Au total, les anticipations d’inflation sont à des niveaux extrêmes selon l’enquête de U. Michigan. Les ménages appréhendent fortement les effets des hausses des droits de douane sur les prix, d’autant plus que le dollar s’est fortement déprécié sur les derniers mois.
Il reste tout de même remarquable de constater l’incroyable dichotomie entre les vues des ménages qui se disent Républicains et ceux qui sont plutôt affiliés au parti Démocrate.
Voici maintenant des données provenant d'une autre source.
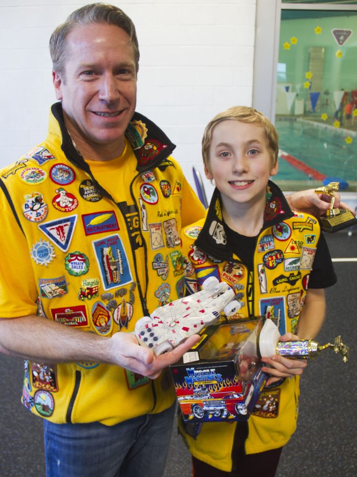 Race day features a series of competitions among six cars whizzing down a metal track, with an electronic display revealing the relative positions at the finish. When all was said and done, Brody Beinhauer of Peters Township and his dad, Brian, took the first-place trophy.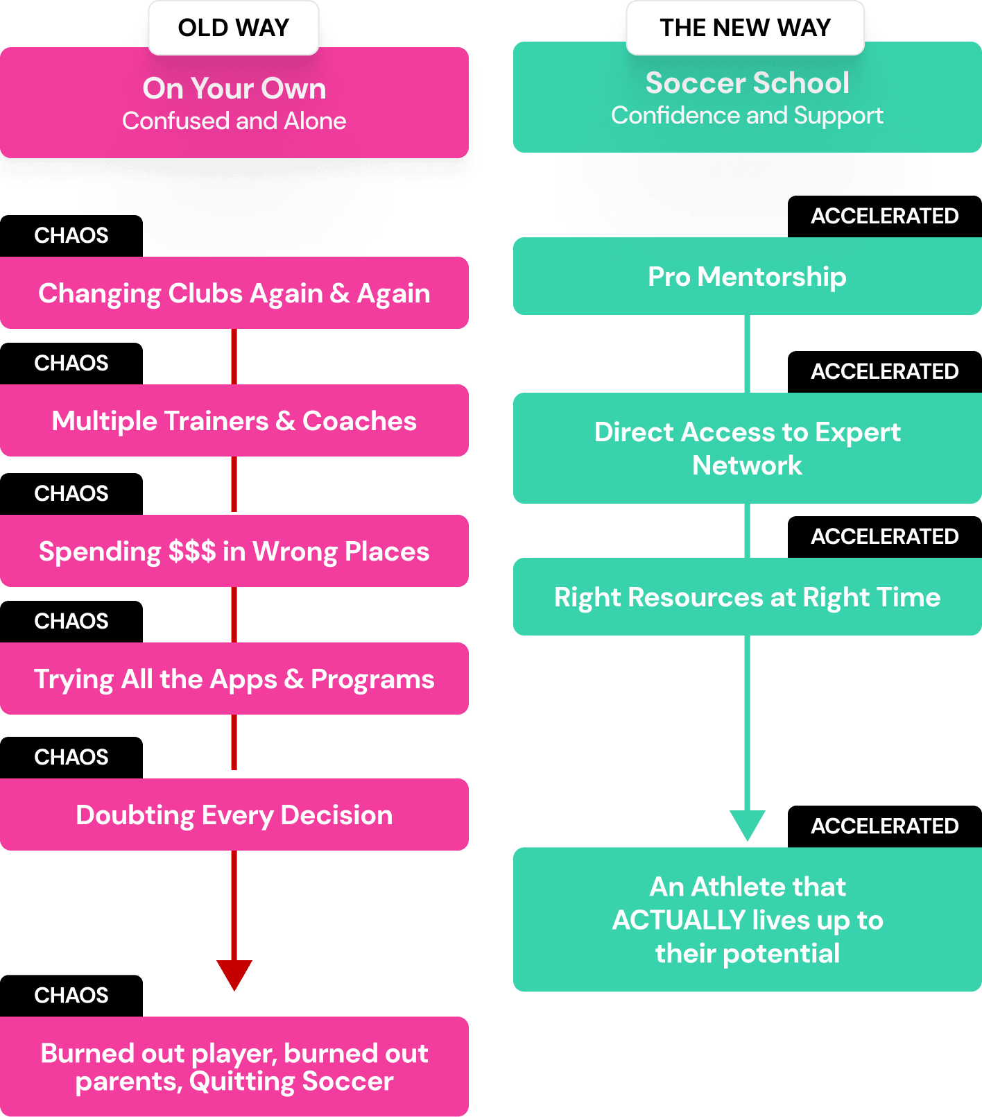 Inside Soccer School, you and your athlete get access to me — live, in-person, and alongside my circle of pro-level mentors. Think of it like having me in your corner during a heavyweight title fight… and the opponent? The confusing, overwhelming, and outdated youth soccer system.

Les anticipations des ménages démocrates sont peut-être un peu exagérées à la hausse, sachant que la Fed ne devrait pas laisser l’inflation s’emballer. Mais celles des ménages républicains sont tout autant, si ce n’est plus, surprenantes avec une anticipation d’un effondrement de l’inflation.
Les mois à venir devraient dévoiler les premiers impacts sur l’inflation des hausses des droits de douane ainsi que les effets des perturbations des flux commerciaux. Toute hausse importante des prix sera sûrement un point très négatif du point de vue politique pour le président.
Nous continuons à prévoir une dynamique économique aux Etats-Unis qui devrait se détériorer en cours d’année, à moins d’un reversement, à ce stade improbable, de la politique économique conduite par le gouvernement de D. Trump.
Ceci nous pousse toujours à la prudence sur les actifs risqués américains.
Du côté européen, on le sait la guerre commerciale aura un impact négatif sur la croissance. L’ampleur dépendra des accords qui seront trouvé avec les Etats-Unis dans les mois à venir. Néanmoins, la forte montée de l’incertitude sur l’avenir pourrait déjà peser sur les décisions d’investissement pour les trimestres à venir dans des nombreux secteurs.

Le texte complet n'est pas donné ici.